Under the terms of the amended and restated agreement, we received a $10 million extension fee from Celgene in return for an option to individually license global rights for two of the targets and ex-U.S. rights for the third target. Celgene has the right to exercise its option with respect to each of the targets at the time of the IND filing for an additional pre-specified license payment. In addition, Epizyme will be responsible for leading and funding development for each target candidate through Phase 1 clinical trials. Following the completion of Phase 1, if Celgene chooses to continue its license for a specific target, it may do so by making an additional pre-specified payment.
We may earn total potential milestones of up to $610 million on the three targets, including up to $75 million in development milestones and license fees, $365 million in regulatory milestones, and $170 million in sales milestones. We also may earn a royalty of up to a low double-digit percentage on worldwide net sales for two of the product candidates, and on ex-U.S. net sales for the third product candidate.

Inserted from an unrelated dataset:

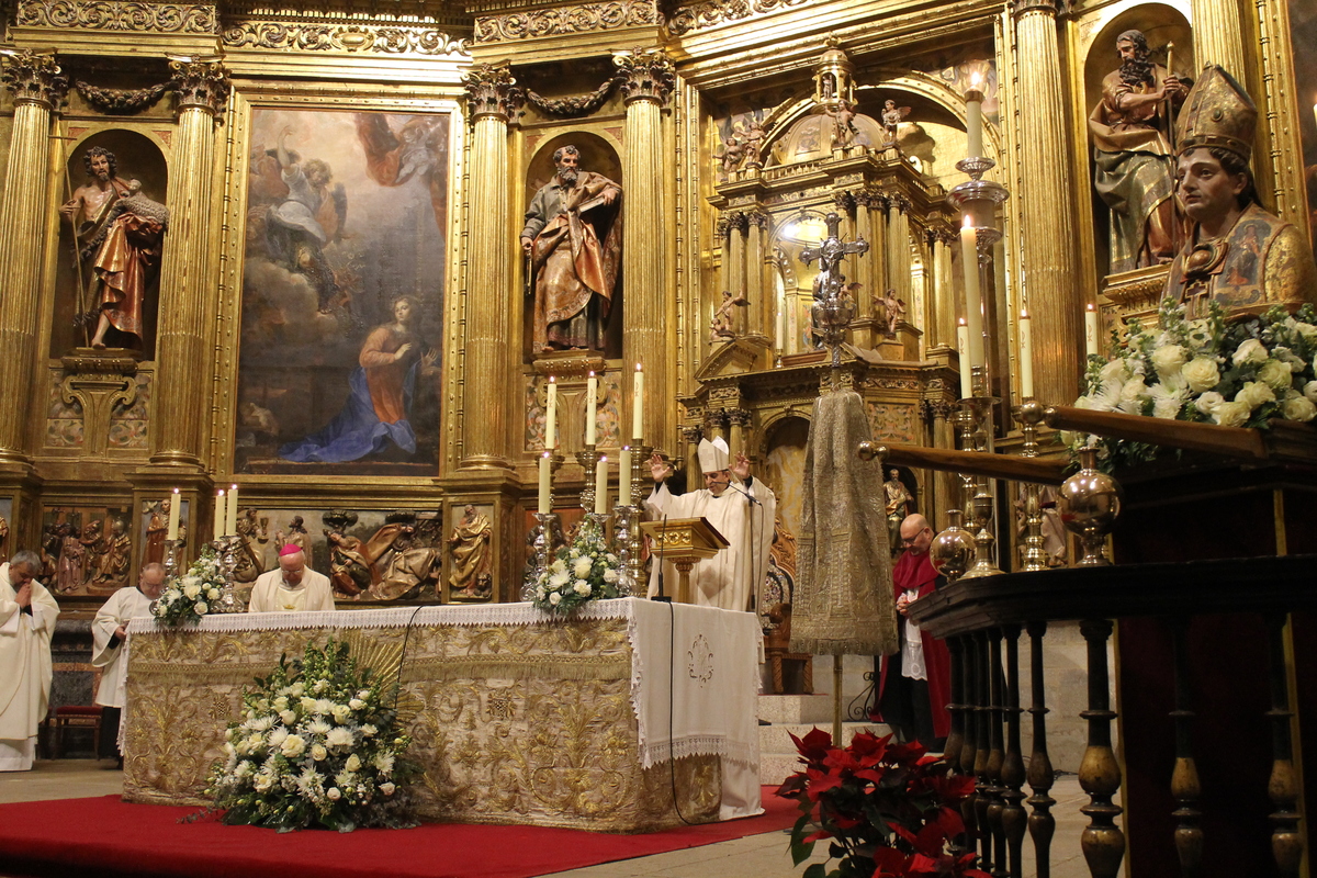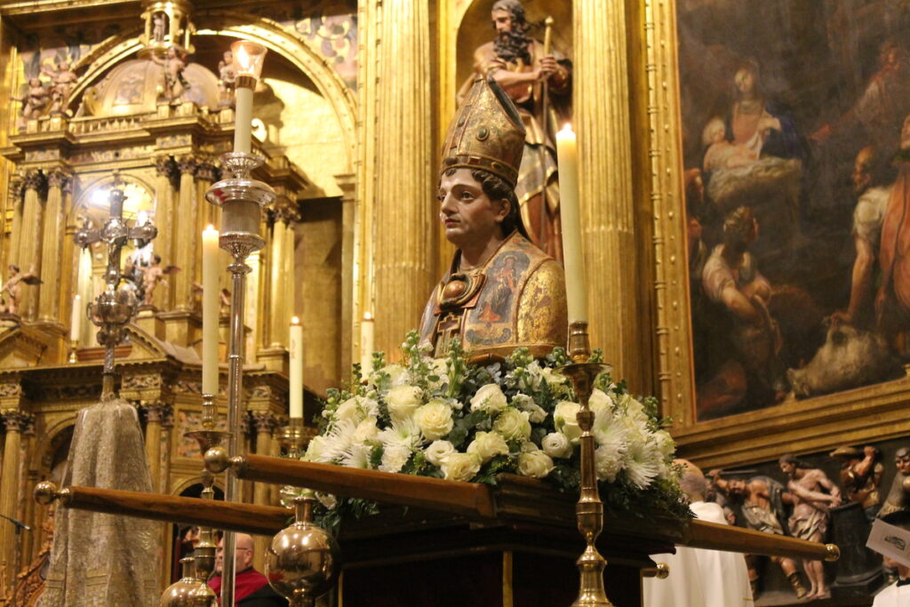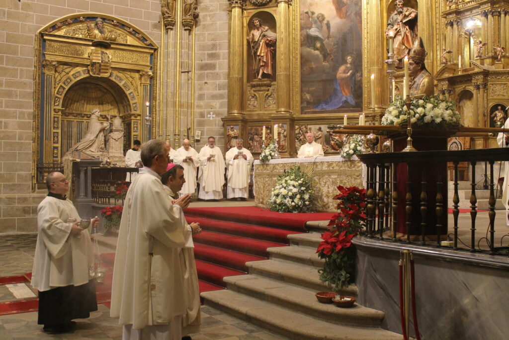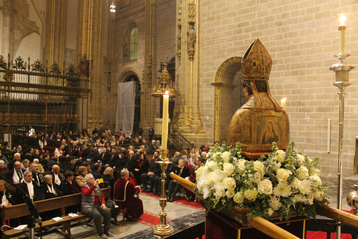 Tras la tradicional procesión por el Claustro de la Catedral se procedió a la Eucaristía. En su homilía, Monseñor Brotóns ensalzó la figura del patrón, «un hombre bueno con corazón de pastor, famoso por su sabiduría, buen juicio y santidad. Un auténtico testigo de la fe», llamando a los que tienen responsabilidad en la Iglesia a seguir esos pasos del Buen Pastor, para reunir a su rebaño y «buscar a la oveja perdida Para sanar a la herida. Cada oveja cuenta. Con cada oveja se establece un vínculo de compasión, comunión y amor», añadía.

For pinometostat, we may earn total potential milestones of up to $35 million in remaining potential clinical milestones and up to $100 million in potential regulatory milestones, plus royalties to a mid-teen percentage on ex-U.S. net sales.
In January 2011, we entered into a collaboration and license agreement with GSK to discover, develop and commercialize novel small molecule HMT inhibitors directed to three targets from our product platform. Under the agreement, we received an upfront payment of $20 million. In addition, we have received a $3 million payment upon the execution of an agreement amendment, $6 million of fixed research funding, $9 million in research funding payments and $15 million in milestone payments and are eligible to receive up to $620 million in additional milestone payments, comprising aggregate research, development and regulatory milestone payments of up to $402 million and sales-based milestone payments of up to $218 million. In addition, GSK is required to pay us royalties on worldwide net product sales.